This is the mail archive of the
mailing list for the GCC project.
Re: Failure to dlopen libgomp due to static TLS data
- From: Andrew Haley <aph at redhat dot com>
- To: Rich Felker <dalias at libc dot org>
- Cc: Jakub Jelinek <jakub at redhat dot com>, Ulrich Weigand <uweigand at de dot ibm dot com>, libc-alpha at sourceware dot org, gcc at gcc dot gnu dot org, rth at redhat dot com
- Date: Fri, 13 Feb 2015 09:12:41 +0000
- Subject: Re: Failure to dlopen libgomp due to static TLS data
- Authentication-results: sourceware.org; auth=none
- References: <201502121519 dot t1CFJMAe018776 at d03av02 dot boulder dot ibm dot com> <20150212160959 dot GS23507 at brightrain dot aerifal dot cx> <20150212161145 dot GD1746 at tucnak dot redhat dot com> <20150212161617 dot GU23507 at brightrain dot aerifal dot cx> <54DCEF90 dot 6090700 at redhat dot com> <20150212232756 dot GZ23507 at brightrain dot aerifal dot cx>
On 12/02/15 23:27, Rich Felker wrote:
> On Thu, Feb 12, 2015 at 06:23:12PM +0000, Andrew Haley wrote:
>> On 02/12/2015 04:16 PM, Rich Felker wrote:
>>> On Thu, Feb 12, 2015 at 05:11:45PM +0100, Jakub Jelinek wrote:
>>>> On Thu, Feb 12, 2015 at 11:09:59AM -0500, Rich Felker wrote:
>>>>> This usage is supposed to be deprecated. Why isn't libgomp using
>>>>> TLSDESC/gnu2 model?
>>>> Because it is significantly slower.
>>> Seems very unlikely. If storage is allocated in static TLS, TLSDESC is
>>> almost indistinguishable from IE in performance, even when you run
>>> artificial benchmarks that do nothing but hammer TLS access. When it
>>> gets allocated in dynamic TLS, it's somewhat slower, but still
>>> unlikely to matter for most usage IMO.

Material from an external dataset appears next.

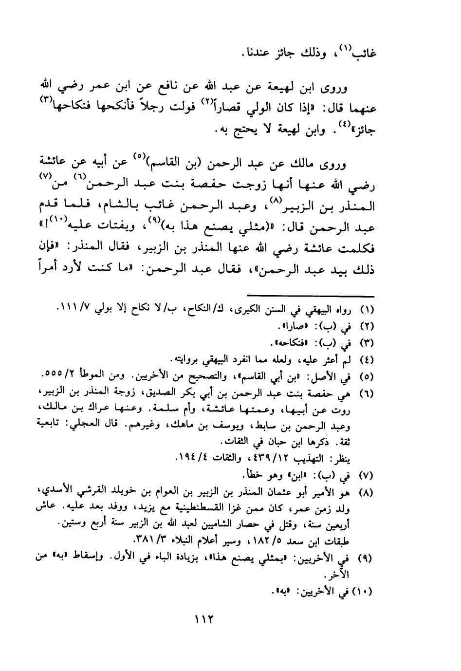 وَرُوِيَ مَالك عَن عبد الرَّحْمَن (بن الْقَاسِم) عَن أَبِيه عَن عَائِشَة رَضِي الله عَنْهَا أَنَّهَا زوجت حَفْصَة بنت عبد الرَّحْمَن من الْمُنْذر بن الزبير، وَعبد الرَّحْمَن غَائِب بِالشَّام، فَلَمَّا قدم عبد الرَّحْمَن قَالَ: " (مثلي يصنع هَذَا بِهِ) ، ويفتات عَلَيْهِ! " فكلمت عَائِشَة رَضِي الله عَنْهَا الْمُنْذر بن الزبير، فَقَالَ الْمُنْذر: " فَإِن ذَلِك بيد عبد الرَّحْمَن "، فَقَالَ عبد الرَّحْمَن: " مَا كنت لأرد أمرا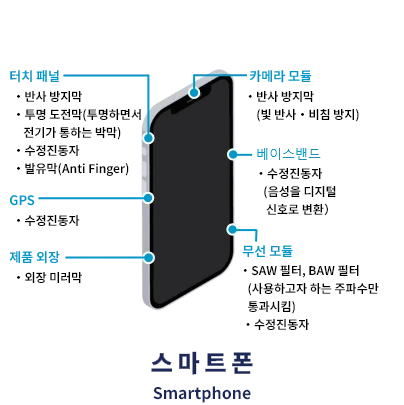 광학필터의 노시프트막부터 수지기판에의 밀착성 개선까지 다양한 용도에 활용되고 있습니다.

>> The problem I'm seeing is that dynamic TLS is always used even when not
>> necessary, and that hurts Java (which accesses TLS 128k times in the first
>> 500ms or so of execution). According to lxo his patch fixes that.
> Given those numbers, each access would need to be taking 38ns to
> consume even 1% of the cpu time being spent. I would guess accesses
> are closer to 5ns for TLSDESC in static area and 10-15ns for dynamic.
> So I don't think this is a botteneck.
I'm totally unconvinced by this style of argument. An efficient system
is composed of many small optimizations, each apparently insignificant
in itself. Your figures indicate that this slowdown may be about 0.5%.
0.5% is not small. I put in a lot of work to gain 0.5%.